At first, Raines seemed like the right man for the right time. The 9/11 attacks – which occurred six days after he took the job – required firm, aggressive leadership. But the heads of the Times’s bureaus traditionally had leeway in deciding what stories to cover, and as the crisis ebbed and Raines’s top-down crisis structure became business as usual, it began to rankle. He shook up the staff, giving choice assignments to cronies. He was brusque and domineering. He launched a crusade against the Augusta National golf club exclusion of women and then was at least partly responsible for spiking two sports columns that didn’t square with the paper’s position.

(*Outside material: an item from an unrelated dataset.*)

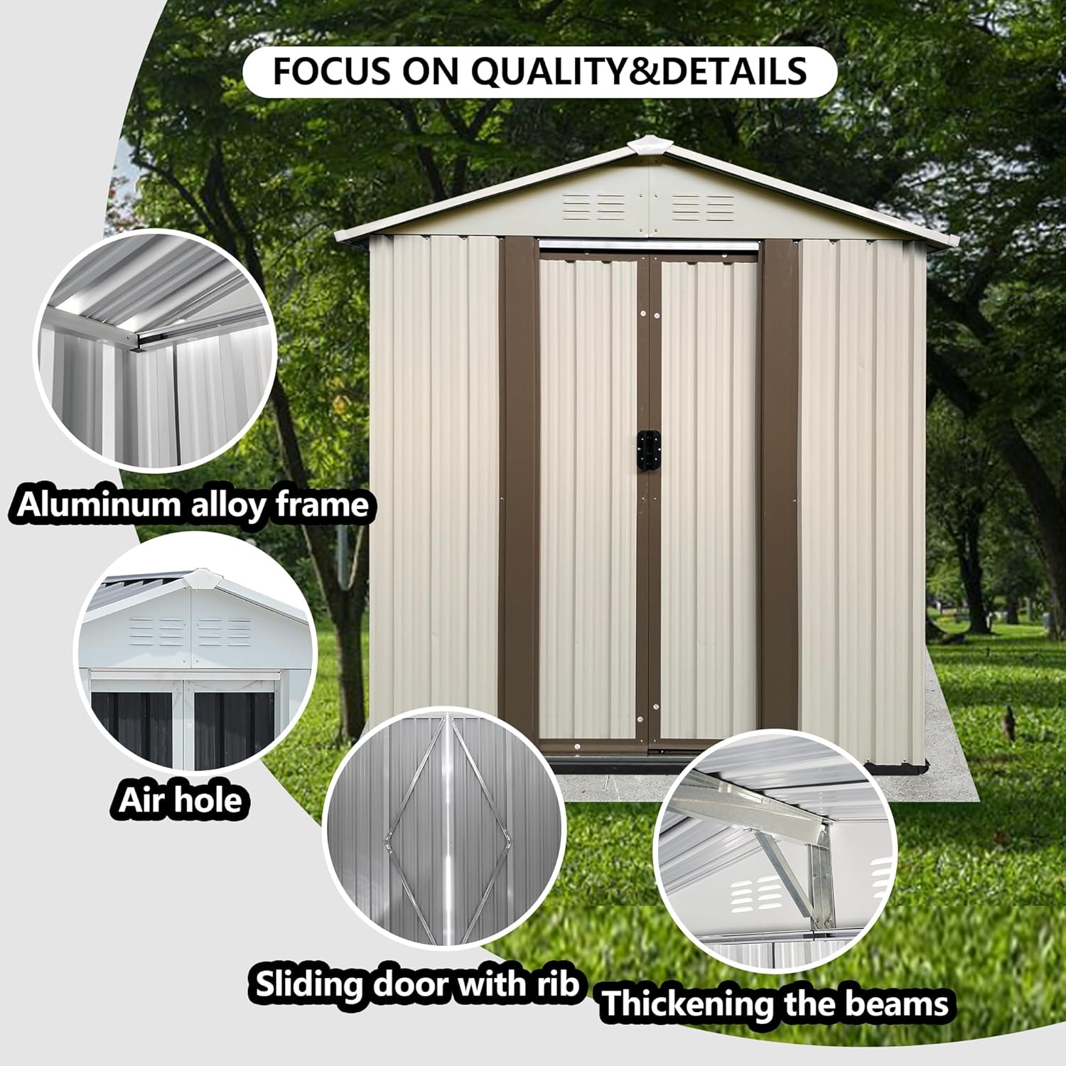 5x3 FT Outdoor Storage Shed, Metal Garden Shed with Lockable Sliding Doors, Small Outside Tool Shed with Sloped Roof & 4 Air Vents, Waterproof Storage Building for Backyard, Patio, Lawn, Cream White

Of course, many successful leaders are not nice guys – and bosses, perhaps. But Jayson Blair turned Raines’s leadership into much larger issue. That Blair, a smooth talker who ingratiated himself with Raines and Boyd, went so long uncaught despite warnings about his sloppy work was blamed on Raines’ playing favorites and his unwillingness to listen to others.

But Sulzberger took an aggressive role in trying to gauge newsroom discontent, including holding a meeting of hundreds of employees – which made it clear that Raines and Boyd needed to act very fast to fix morale. Among other things, the paper appointed a committee to make management suggestions – and began looking for other Blairs. Then came a second scandal: Rick Bragg, a Pulitzer Prize winning feature writer, was suspended after he filed a story about oystermen in Florida that had been largely reported by an uncredited intern. Bragg further enraged the newsroom when he claimed that Times national reporters did things like that all the time. When Raines issued a mild and tardy response, many of his people felt he had sold them out.

The Bragg case caused a minor public flap compared with Blair’s, but it was ultimately more damaging to Raines. Journalists started giving anti-Raines quotes to competitors. It didn’t help that when Sulzberger went to the Times Washington bureau for a brown-bag lunch, an employee said, “he got a harsher message than he expected.”

Some have speculated that his family, particularly his father, pressured him to act, but Sulzberger says that although he talked with family members, he made the decision to accept Raines’ resignation himself. He also insists that he did not order the editors to quit. There was a sense from the two of them that the hill that they had to climb was becoming too steep.

Sulzberger named Joseph Lelyveld – a measured manager, liked in the newsroom – to be the interim executive editor while a replacement search is under way. Sulzberger tells TIME he’s looking for a “great journalist” who is “an effective leader and manager” – which, in the wake of the Raines war, may be more than mere corporate-speak.

Times employees say they are relieved to have a respite from the turmoil with Lelyveld, who addressed the newsroom, ending with four simple words: “Let’s go to work.”